-- Task input follows --
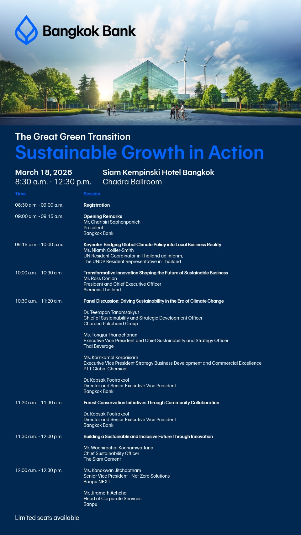 ธนาคารกรุงเทพสนับสนุนภาคธุรกิจเปลี่ยนผ่านสู่เศรษฐกิจคาร์บอนต่ำ ในงานเสวนา “The Great Green Transition: Sustainable Growth in Action” ร่วมอัพเดตเทรนด์ นโยบาย กฎระเบียบและข้อบังคับด้านการเปลี่ยนแปลงสภาพภูมิอากาศในบริบทโลกและบริบทของประเทศไทย รวมถึงเจาะลึกแนวทางในการปรับตัวของธุรกิจให้สอดคล้องกับเป้าหมายการลดก๊าซเรือนกระจก ผ่านการแลกเปลี่ยนมุมมองของผู้นำที่มีความเชี่ยวชาญและประสบความสำเร็จในการเปลี่ยนผ่านองค์กร
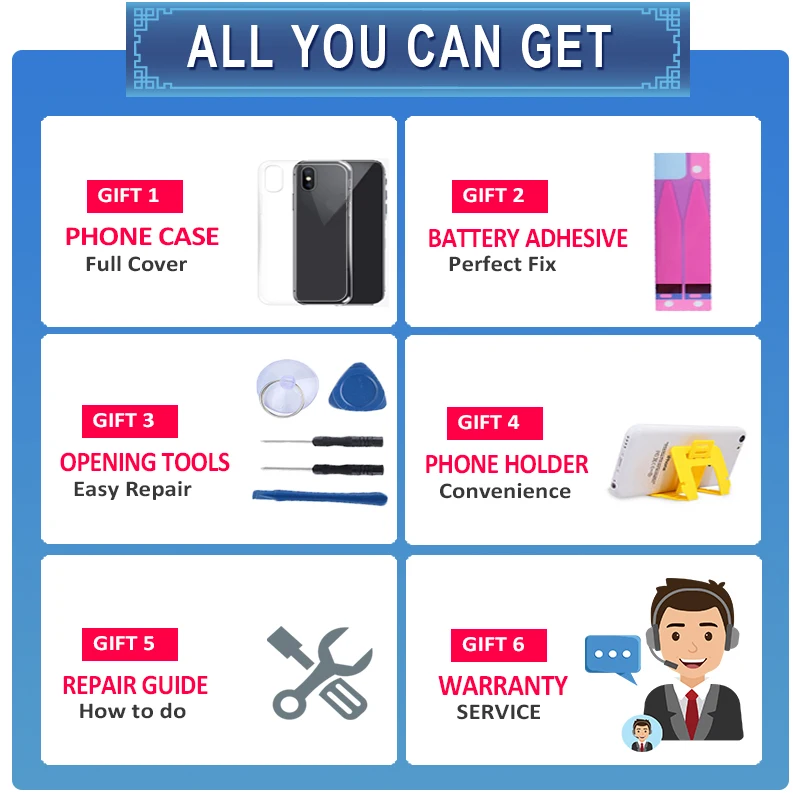 1 * литий-ионный аккумулятор для телефона 1 * чехол для телефона 1 * наклейка на батарею 1 * Набор инструментов для вскрытия 1 * держатель для телефона 1 * руководство по ремонту
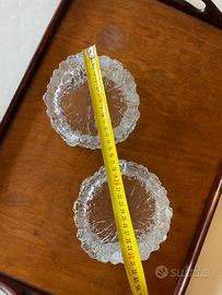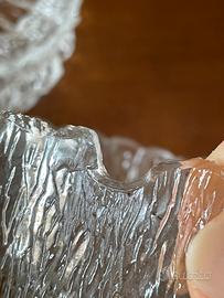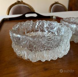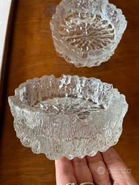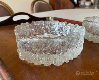 Coppia di porta cenere in vetro littala. Posacenere in vetro testurizzato con corteccia di design finlandese vintage, (littala Tapio Wirkkala Seita ? La gamma Ultima Thule in vetro trasparente creata nel 1968 da Tapio Wirkkala.
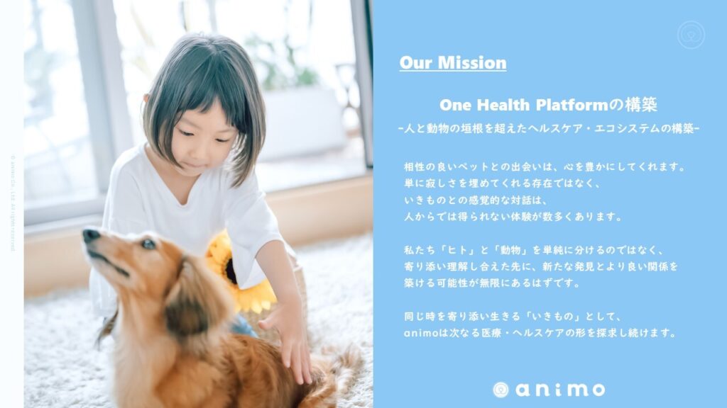 ペットも人のように疾患の多様化、専門性が進み、“人医療と獣医療の連携”・“動物病院間、動物病院-飼い主間の情報連携”が急務であると私たちは考えています。そこで、「人と動物の垣根を超えたヘルスケア・エコシステムの構築(One Health Platform)」をMissionとしてanimo株式会社を設立しました。私たちは、「ヒト」、「動物」を動物種で単純に分けるのではなく、医療資源を共有し共に病気に向き合い、寄り添い理解し合えた先に、医療・ヘルスケアの新たな発見があるものと信じています。そのためのプロダクト、サービスを私たちは提供していきます。
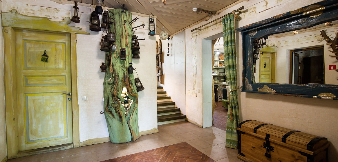 Дизайн дома никого не оставит равнодушным. Здесь можно часами разглядывать каждую изготовленную вручную деталь и восхищаться тем, как гармонично сочетаются сосны за окном, натуральные элементы отделки с северными мотивами, экологичность использованных материалов и особая атмосфера безмятежного отдыха.
-- Task input concluded --
Reproduce exactly the lines that run from the line holding "Coppia di porta" through the final line of the entries, and omit every picture.

= Reply =
 Coppia di porta cenere in vetro littala. Posacenere in vetro testurizzato con corteccia di design finlandese vintage, (littala Tapio Wirkkala Seita ? La gamma Ultima Thule in vetro trasparente creata nel 1968 da Tapio Wirkkala.
 ペットも人のように疾患の多様化、専門性が進み、“人医療と獣医療の連携”・“動物病院間、動物病院-飼い主間の情報連携”が急務であると私たちは考えています。そこで、「人と動物の垣根を超えたヘルスケア・エコシステムの構築(One Health Platform)」をMissionとしてanimo株式会社を設立しました。私たちは、「ヒト」、「動物」を動物種で単純に分けるのではなく、医療資源を共有し共に病気に向き合い、寄り添い理解し合えた先に、医療・ヘルスケアの新たな発見があるものと信じています。そのためのプロダクト、サービスを私たちは提供していきます。
 Дизайн дома никого не оставит равнодушным. Здесь можно часами разглядывать каждую изготовленную вручную деталь и восхищаться тем, как гармонично сочетаются сосны за окном, натуральные элементы отделки с северными мотивами, экологичность использованных материалов и особая атмосфера безмятежного отдыха.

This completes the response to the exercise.